_Exercise details_: Output every line below as it stands, dropping only the images.

[Data section Boundary: Start]

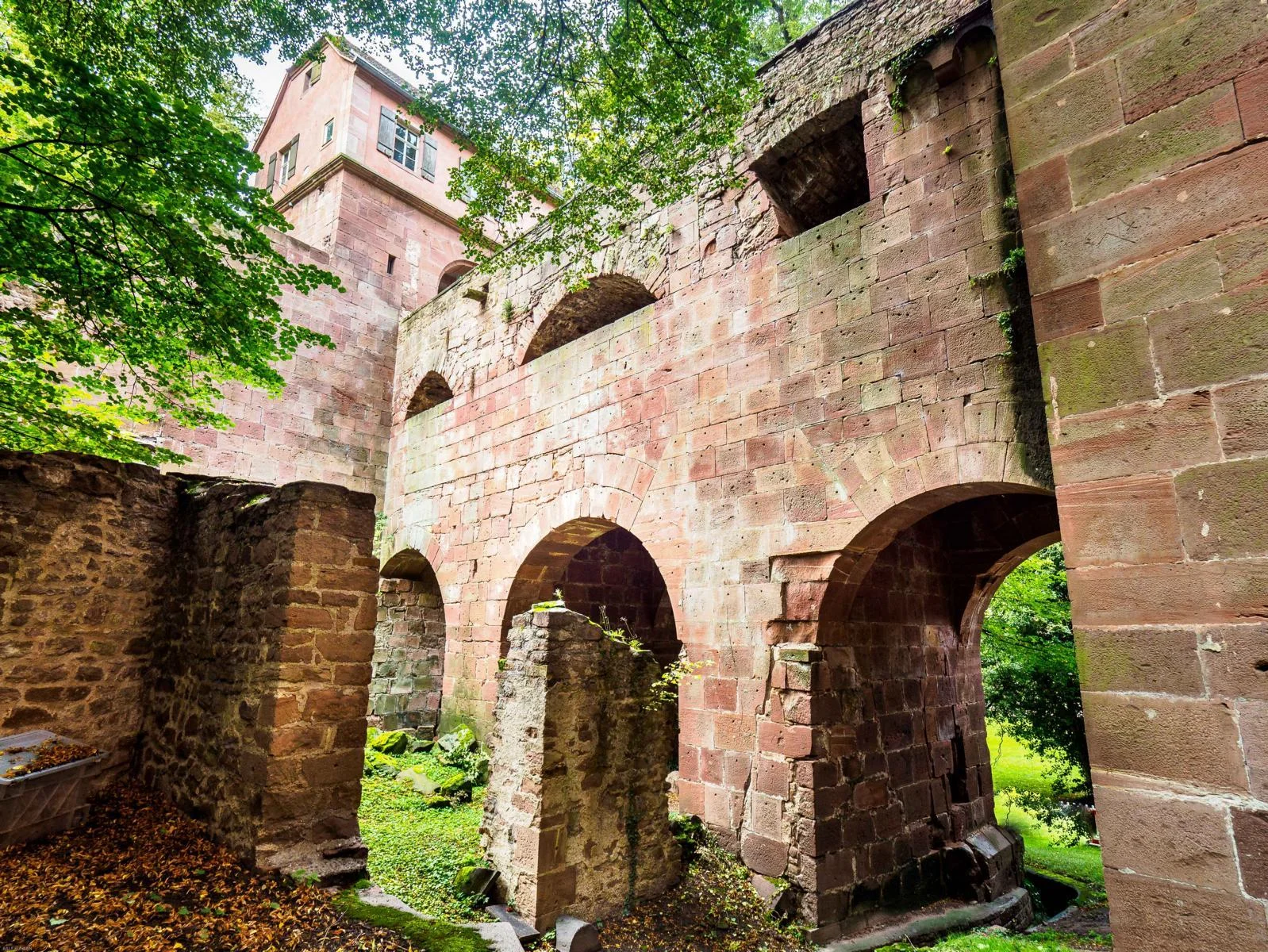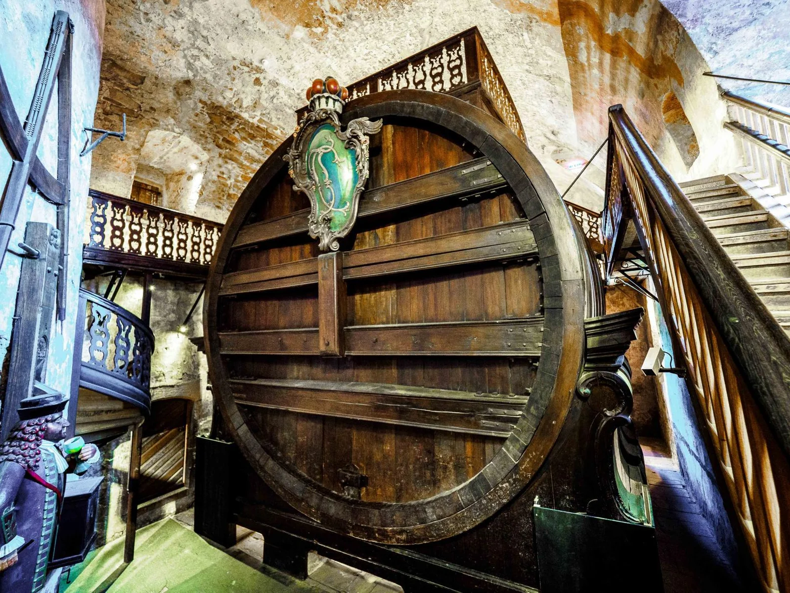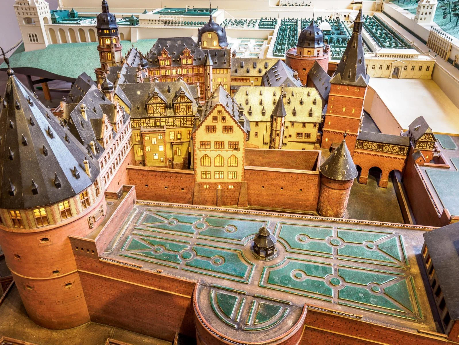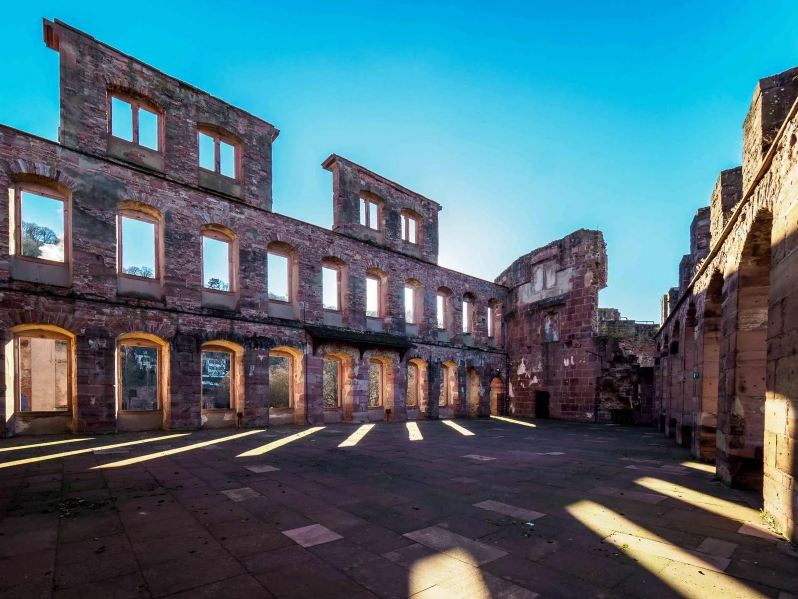 Die Schatztruhe aus dem zweiten Stockwerk des Friedrichsbaus, ist noch ein Originalstück aus der Zeit der deutschen Renaissance, gegen 1600. Sie scheint ehemals aus habsburgischen Kreisen zu stammen, wie man am Doppeladler an der Frontseite erkennen kann. Die beiden Adler tragen zwischen sich die Kaiserkrone. Interessant ist das Innere des Deckels. Es entpuppt sich als ein komplexes Schließsystem. Von einem zentralen Schlüssel gesteuert, schieben sich ungefähr dreißig Bolzen unter den Eisenrahmen. Sie werden angetrieben durch ein komplexes System von Federn und Scharnieren.
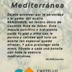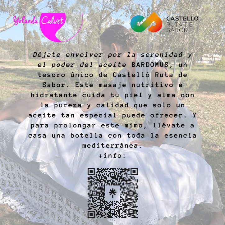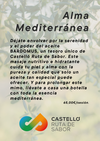 Déjate envolver por la magia del Mediterráneo en una experiencia que combina relax, naturaleza y sabor. Un masaje exclusivo con aceite Bardomus, elaborado en Castellón, que hidrata, nutre y conecta cuerpo y alma con la autenticidad de la tierra. Y para que la experiencia continúe en casa, llévate una botella de este oro líquido que guarda toda la esencia mediterránea.
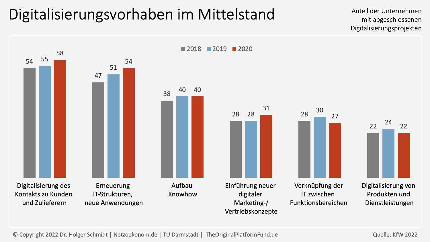 - 73 % glauben, dass durch langsame Digitalisierung Marktanteile verloren gingen; 78 % fürchten künftigen Abstieg ohne Digitalisierung.

[Data section Boundary: End]

_Response box_:
 Die Schatztruhe aus dem zweiten Stockwerk des Friedrichsbaus, ist noch ein Originalstück aus der Zeit der deutschen Renaissance, gegen 1600. Sie scheint ehemals aus habsburgischen Kreisen zu stammen, wie man am Doppeladler an der Frontseite erkennen kann. Die beiden Adler tragen zwischen sich die Kaiserkrone. Interessant ist das Innere des Deckels. Es entpuppt sich als ein komplexes Schließsystem. Von einem zentralen Schlüssel gesteuert, schieben sich ungefähr dreißig Bolzen unter den Eisenrahmen. Sie werden angetrieben durch ein komplexes System von Federn und Scharnieren.
 Déjate envolver por la magia del Mediterráneo en una experiencia que combina relax, naturaleza y sabor. Un masaje exclusivo con aceite Bardomus, elaborado en Castellón, que hidrata, nutre y conecta cuerpo y alma con la autenticidad de la tierra. Y para que la experiencia continúe en casa, llévate una botella de este oro líquido que guarda toda la esencia mediterránea.
 - 73 % glauben, dass durch langsame Digitalisierung Marktanteile verloren gingen; 78 % fürchten künftigen Abstieg ohne Digitalisierung.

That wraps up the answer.